More 'Millionaire' for fall




By John Kiesewetter
The Cincinnati Enquirer

        ABC delivered its final answers Tuesday: More Millionaire, no more Sports Night, and no new NYPD Blue until January.

        A fourth hour of the Regis Philbin's Who Wants to be a Millionaire will air at 8 p.m. Wednesdays this fall. The three Millionaires (Tuesday, Sunday, Thursday) are the top three shows this TV season.

ABC'S FALL LINEUP
  Sunday: 7, Wonderful World of Disney; 9, Who Wants to Be a Millionaire; 10, The Practice.
  Monday: 8, 20/20; 9, Monday Night Football.
  Tuesday:
8, Who Wants to Be a Millionaire; 9, Dharma & Greg; 9:30, Geena; 10, Once and Again/NYPD Blue.
  Wednesday:
8, Who Wants to Be a Millionaire; 9, Drew Carey Show; 9:30, Spin City; 10, Gideon's Crossing.
  Thursday: 8, Whose Line Is It Anyway?; 8:30, Whose Line Is It Anyway?; 9, Who Wants to Be a Millionaire; 10, Primetime Thursday.
  Friday:
8, Two Guys and a Girl; 8:30, People Who Fear People; 9, Norm; 9:30, Madigan Men; 10, 20/20.
  Saturday: 8, movie.
        ABC, which also added three new comedies and one drama, announced Tuesday that Sela Ward's Once and Again and NYPD Blue again will share 10 p.m. Tuesdays next season. Once and Again will air there this fall, and move to 10 p.m. Mondays after the Monday Night Football season concludes.

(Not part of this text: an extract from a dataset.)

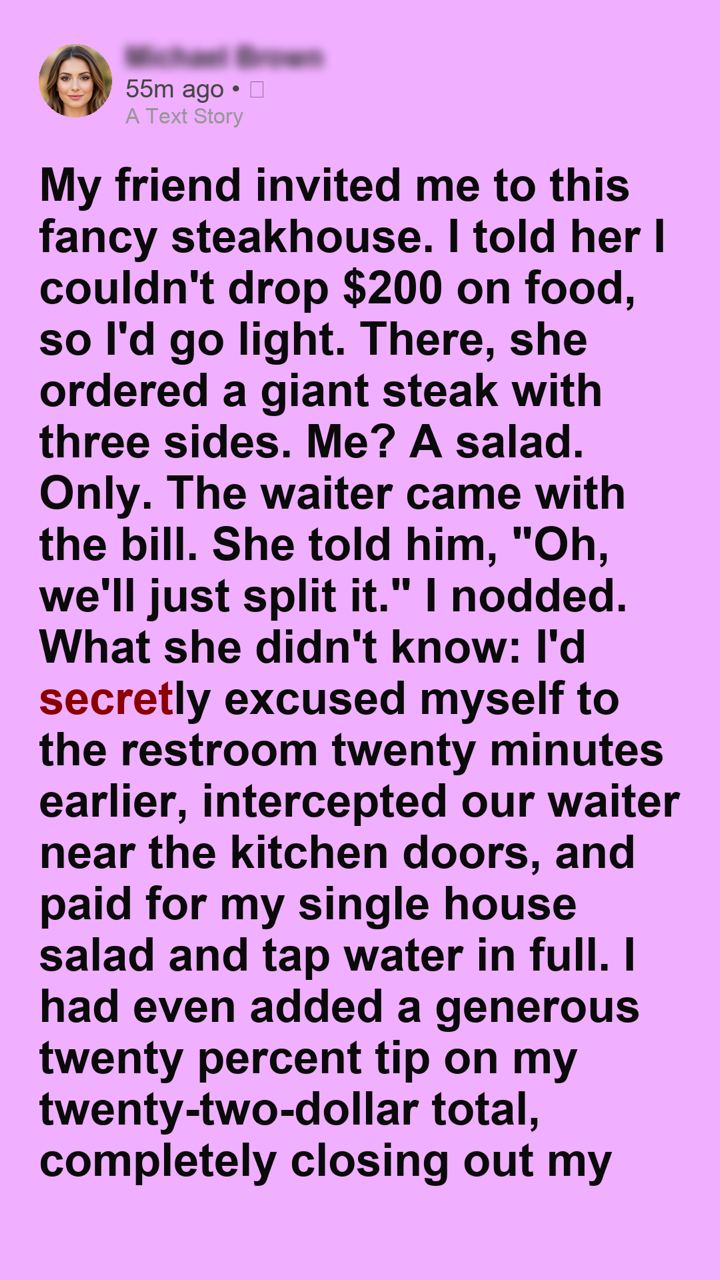 My friend invited me to this fancy steakhouse. I told her I couldn’t drop $200 on food, so I’d go light. There, she ordered a giant steak with three sides. Me? A salad. Only. The waiter came with the bill. She told him, “Oh, we’ll just split it.” I nodded. What she didn’t know: I’d secretly excused myself to the restroom twenty minutes earlier, intercepted our waiter near the kitchen doors, and paid for my single house salad and tap water in full. I had even added a generous twenty percent tip on my twenty-two-dollar total, completely closing out my portion of the evening’s festivities in crisp cash. The black, leather-bound checkbook currently resting on the pristine white tablecloth didn’t contain our combined total. It contained hers, and hers alone. To fully appreciate the absolute poetry of this moment, we have to rewind. My friend—let’s call her Vanessa—has a well-documented, meticulously calculated history of financial amnesia when it comes to group dining. For years, I had watched her employ a specific kind of restaurant mathematics that somehow always heavily favored her own wallet. If a group of us went out for a casual Mexican dinner, she was invariably the one ordering three top-shelf margaritas, the premium tableside guacamole, and the steak fajitas, only to enthusiastically suggest we split the check evenly down the middle when the time came. For a long time, I went along with it. We all did. It was easier to absorb the extra twenty or thirty dollars than to be the one difficult person at the table pulling out a calculator, demanding itemized receipts, and completely killing the vibe of the evening.

        Sports Night, the critically acclaimed comedy, was among the dozen series canceled by ABC. Producers are talking to HBO about picking it up.

        “We have been approached and we're having preliminary conversations,” an HBO spokesman said Tuesday.

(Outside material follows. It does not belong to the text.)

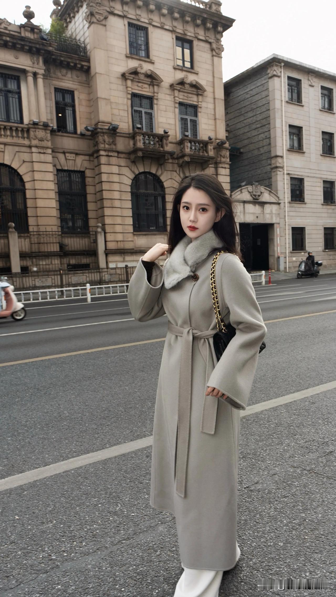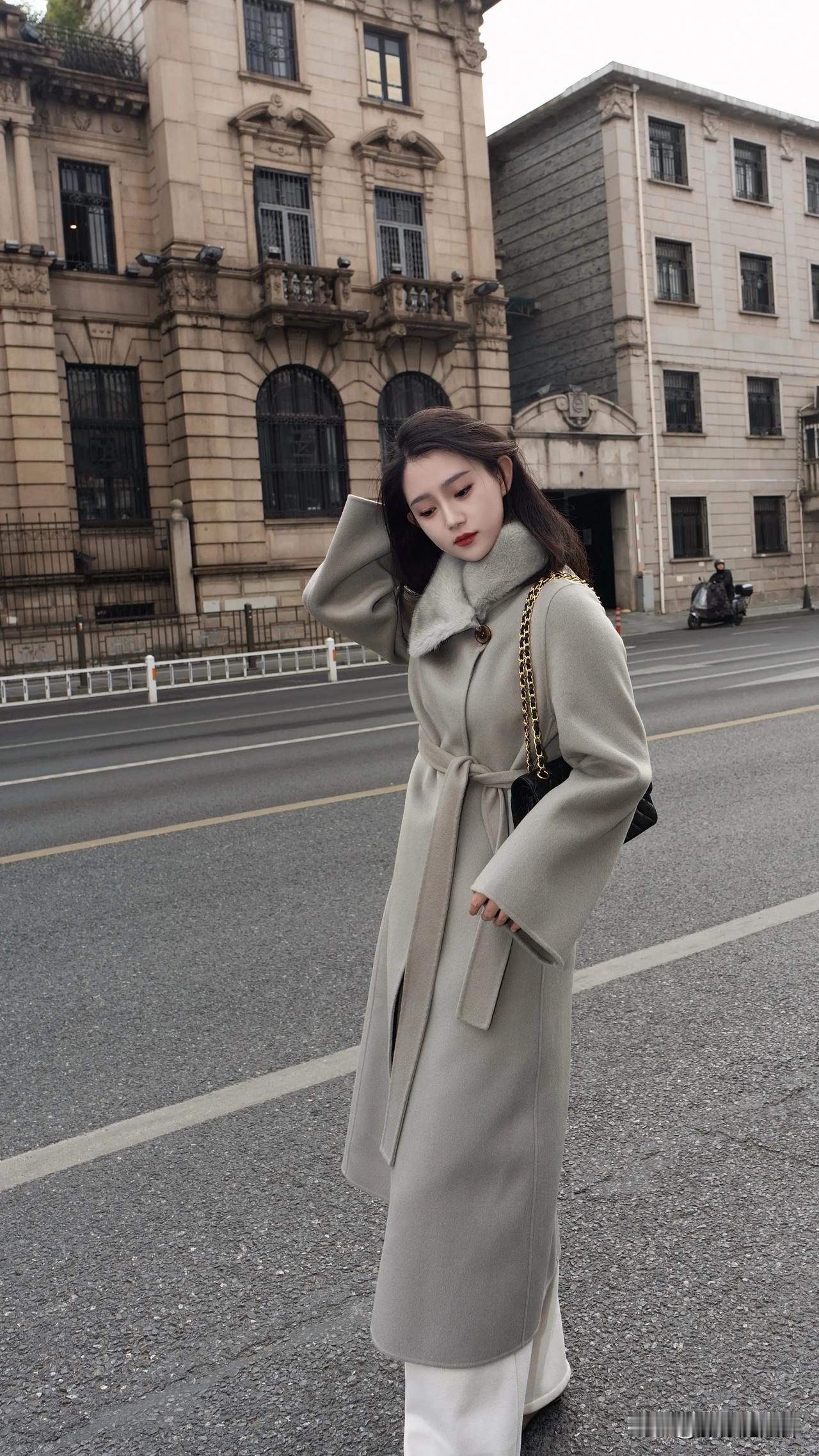 温柔到骨子里的秋冬穿搭,浅灰大衣配毛领太显贵气穿搭大衣灰色穿搭

        Also canceled were: The Hughleys, Then Came You, Making the Band, Talk to Me, Odd Man Out, Wasteland, Wonderland, Snoops, Oh Grow Up, Boy Meets World and It's Like, You Know.

        With the loss of Sabrina, the Teenage Witch to WB, ABC has dropped the Friday kids' stuff and put a decidedly adult tone to the “TGIF” comedies with Norm and Two Guys and a Girl.

        ABC also abandoned the 20/20 designation for Diane Sawyer's prime-time magazine, changing the title to Primetime Thursday as it moves from Wednesday to Thursday. It had been called Primetime Live from 1989 to 1998.

        Of the four new series, three are produced and owned by Touchstone Television, a sister ABC company.

        The new comedies:

        • Geena (9:30 p.m. Thursday): Oscar-winner Geena Davis stars as a New York career woman who falls in love with a man (Peter Horton, thirtysomething) with a 6-year-old girl, an unpredictable 16-year-old boy and a hostile housekeeper.

        • People Who Fear People (8:30 Friday): Paranoid pals Bob and Max (David Krumholtz, The Santa Clause; Brad Raider) are convinced our increasingly computerized world is conspiring against them. Jon Cryer (Partners) co-stars as their neighbor who likes to spy on them.

        • Madigan Men (9:30 Friday): In his first TV series, Gabriel Byrne (End of Days, The Usual Suspects) stars as a divorced father who gets dating advice from his teen-age son (John Hensley). Co-starring Grant Shaud (Miles from Murphy Brown) and Roy Dotrice (TV's Beauty and the Beast).

        The new drama:

        • Gideon's Crossing (10 p.m. Wednesday): Andre Braugher (Homicide: Life on the Street) plays a compassionate yet demanding doctor in a medical drama from Paul Attanasio (Quiz Show, Homicide: Life on the Street).

        ABC also announced that Damon Wayans, Joan Cusack and Denis Leary would star in midseason comedies.